Hello,
For most of the games, I have added extra options to make the game more interesting, but you can always choose not to enable them if you want to stay close to the standard/official rules.
There are two things to consider, tough:
- Standard/official rules are sometimes not what most of the players expect / are used to play with. The best example is uno: in standard there's no interception, no cumulation, but there's bluff; statistics show that it's usually the opposite that is chosen on the playroom, i.e. interceptions and cumulation are generally enabled, while bluff hasn't always the majority. Other example: 1000 miles, where officially accumulation of problems and deck reshuffle aren't part of the rules; again statistics generally show that players largely prefer play with them enabled.

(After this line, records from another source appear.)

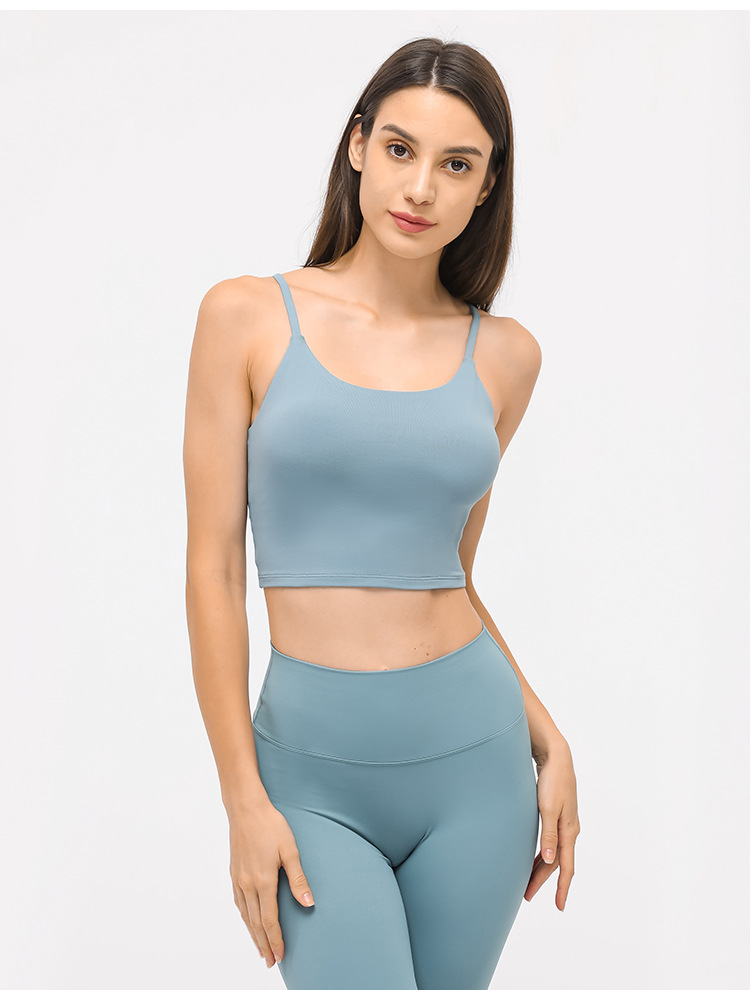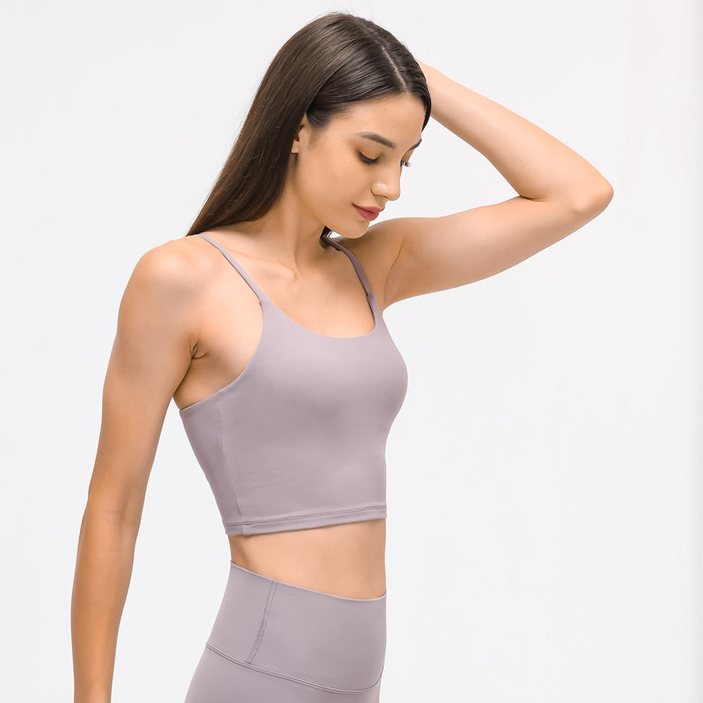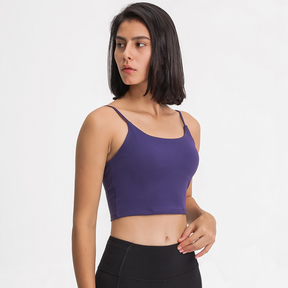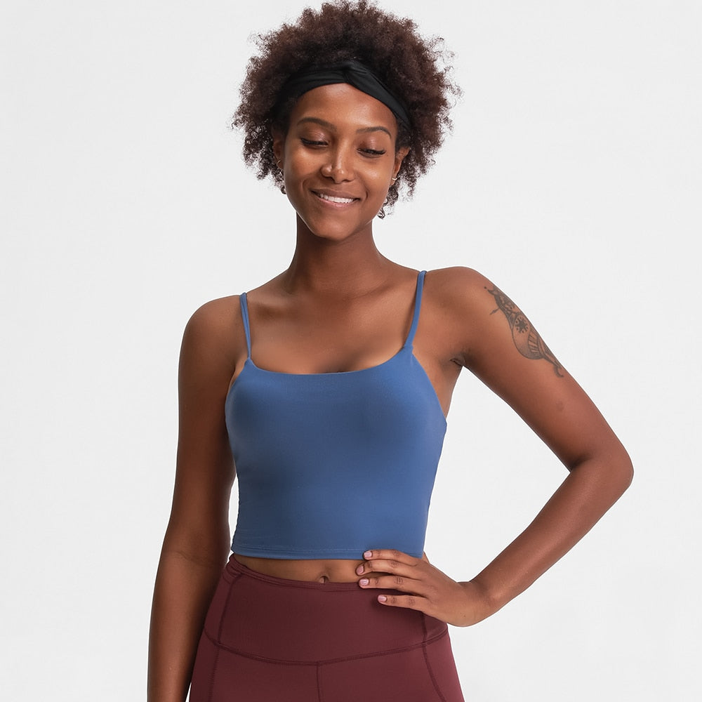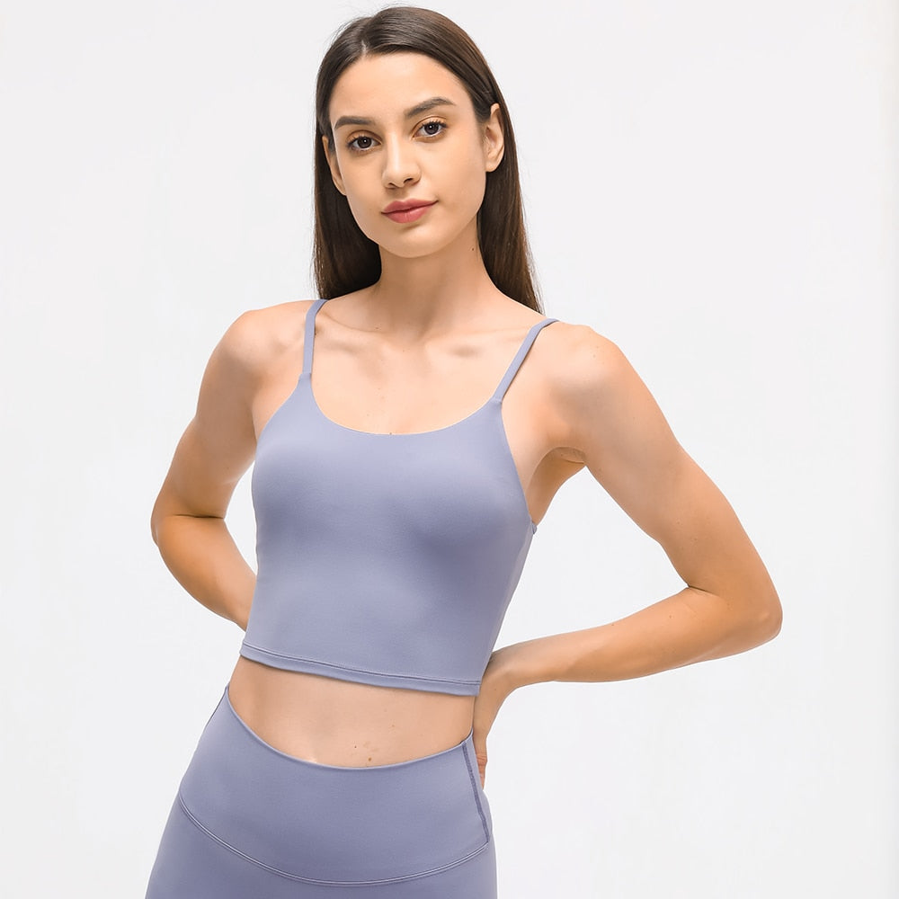 ESSENTIAL Push Up Padded Gym Fitness Bras Crop Tops Women Plain Soft Nylon Yoga Workout Sports Bras with Removable Pads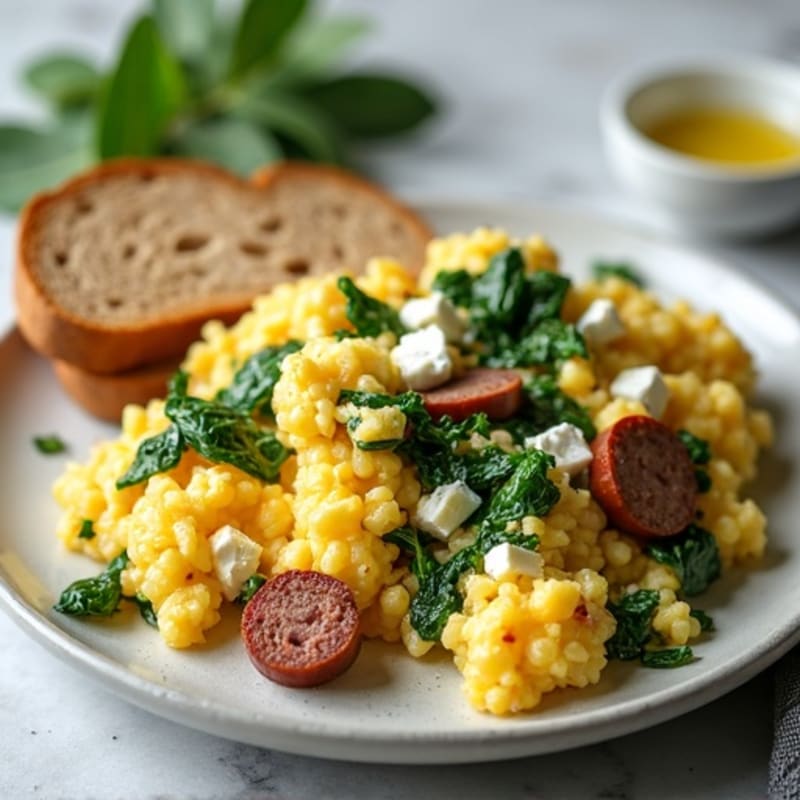 A light yet satisfying breakfast scramble featuring fluffy egg whites, fresh spinach, savory turkey sausage, and tangy feta cheese, all complemented by a crisp slice of whole grain toast and a hint of olive oil to bring everything together.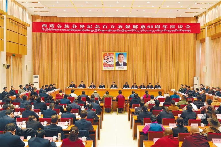 3月28日,西藏各族各界紀(jì)念百萬(wàn)農(nóng)奴解放65周年座談會(huì)在拉薩召開(kāi)。
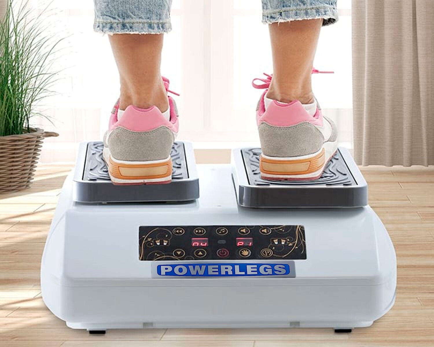 Dispositivo de entrenamiento POWERLEGS. Su uso es increíblemente sencillo. Solamente debes enchufarlo a la corriente, colocar los pies en las plataformas y seleccionar la velocidad. ¡Así de fácil!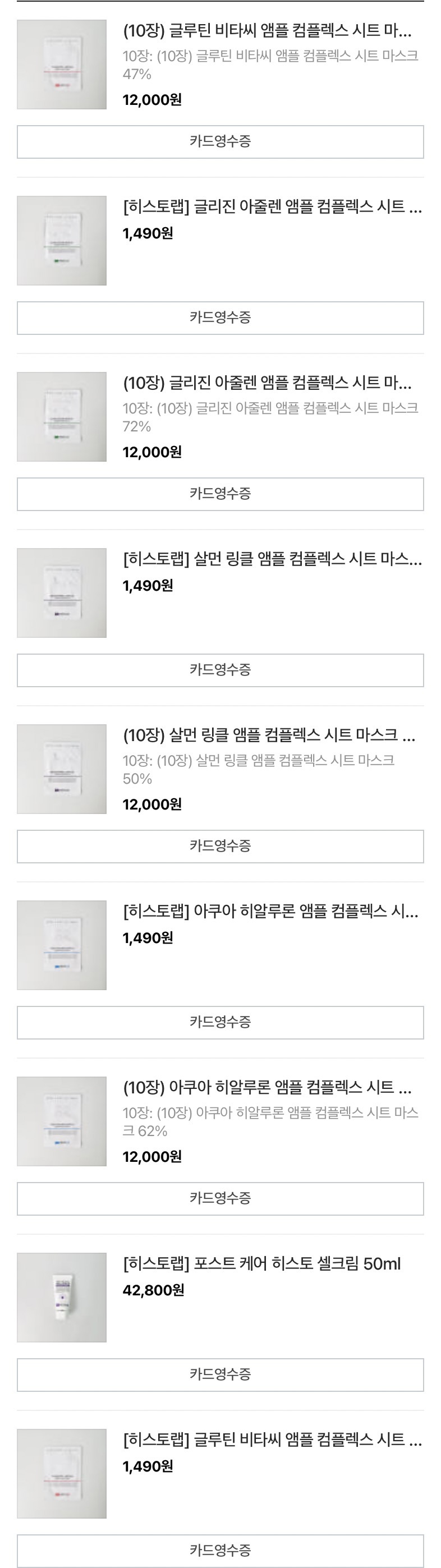영수증만 봐도 알겠지만 피부 진정에 이만한거 없다........히스토랩 팩 쓰기시작하면서부터 올리브영에서 팩 안사잖아 나.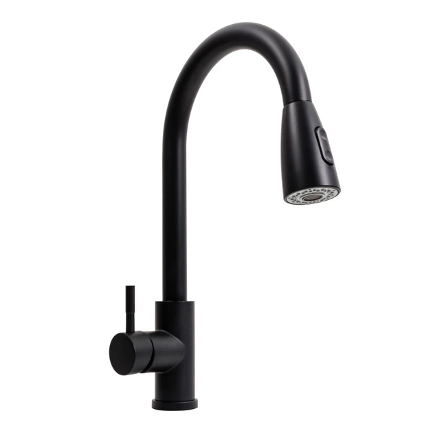 Змішувач для кухні одноважільний з гнучким виливом CHAMPION Eza чорний нержавіюча сталь MX9555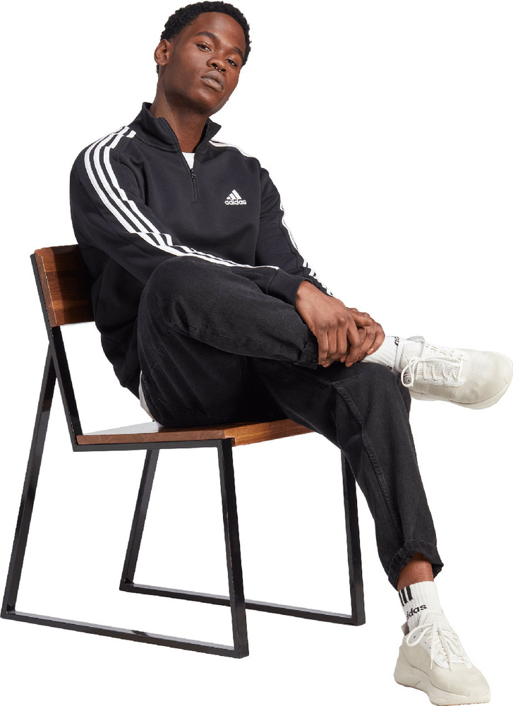 Bluza męska adidas Essentials Fleece 3-Stripes 1/4-Zip czarna HZ6235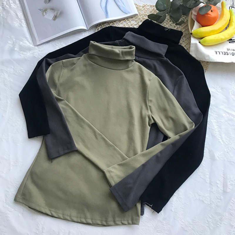 學生高領打底衫女冬裝2018新款韓版修身顯瘦純色內搭長袖T恤上衣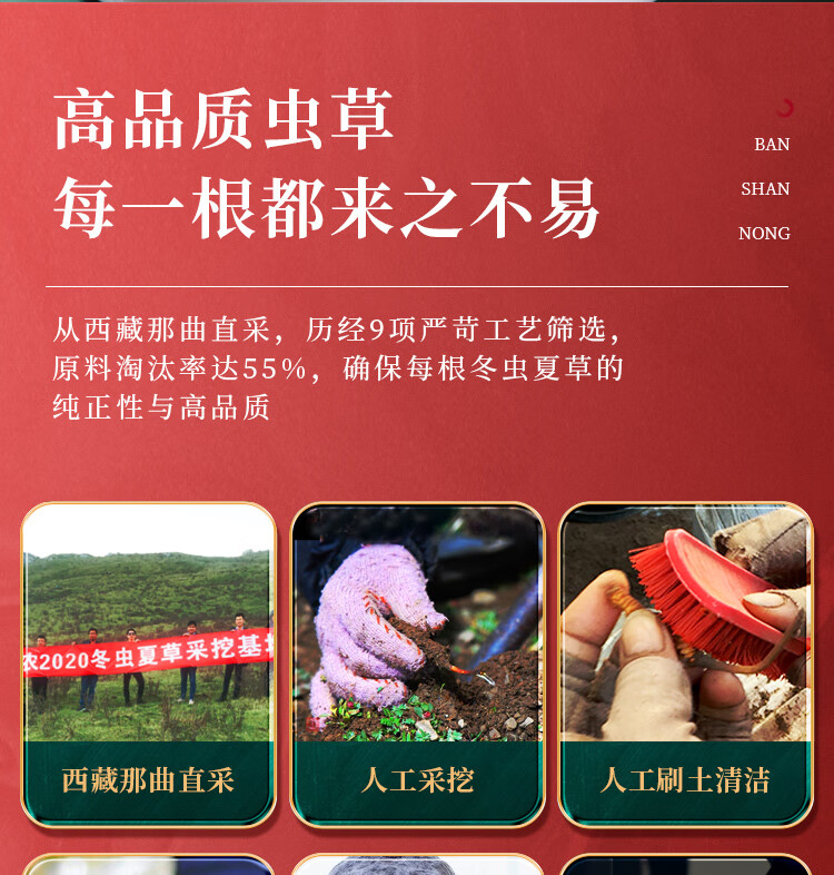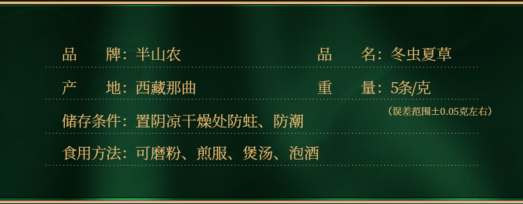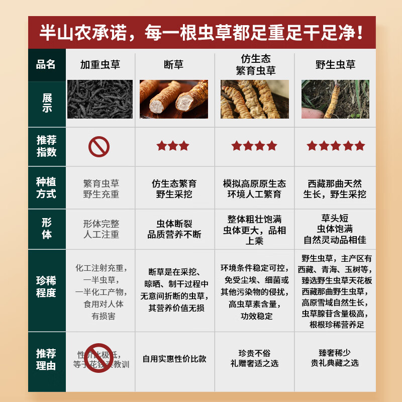 半山农【野生】冬虫夏草5条/克 1克 西藏那曲虫草 过节礼品补品性价比款

- What are standard or official rules ? For uno or monopoly that's quite clear, rules are provided with the box. For some others it's less clear, for example due to its ancestors, rummy has two family of rules: the plastic tile version (with manipulations but no discard) vs. the traditional card game(with single or multiple discard but no manipulations). Finally, many games are coming from traditions and in this case there may not be any real source of absolute truth; the best is to propose different variants to make everybody happy.
For the particular case of farkle, since I'm not coming from an anglo-saxon tradition, I don't really know if there's an actual standard or if there exist indeed farkle boxes. And even if there are farkle boxes, I don't have one, it doesn't exist where I live. So I must understand from what I find on the Internet, and sources are often contradicting or at least don't always well overlap with eachother.
When I were programming farkle, it seemed that the rules where quite liberal and that there weren't something really standard. Point me to an official farkle federation of something of that kind if it exists.
My only true delibrate choice, and I confirm that it was against all sources, were to squeeze a zero. My opinion is that it doesn't bring anything to the game anyway. I can't explain this with my English but compare 100$ with 10000 cents; that's the same but counting in cents make you falsely think it's more expensive; it's just useless. I don't know if you can understand what I mean.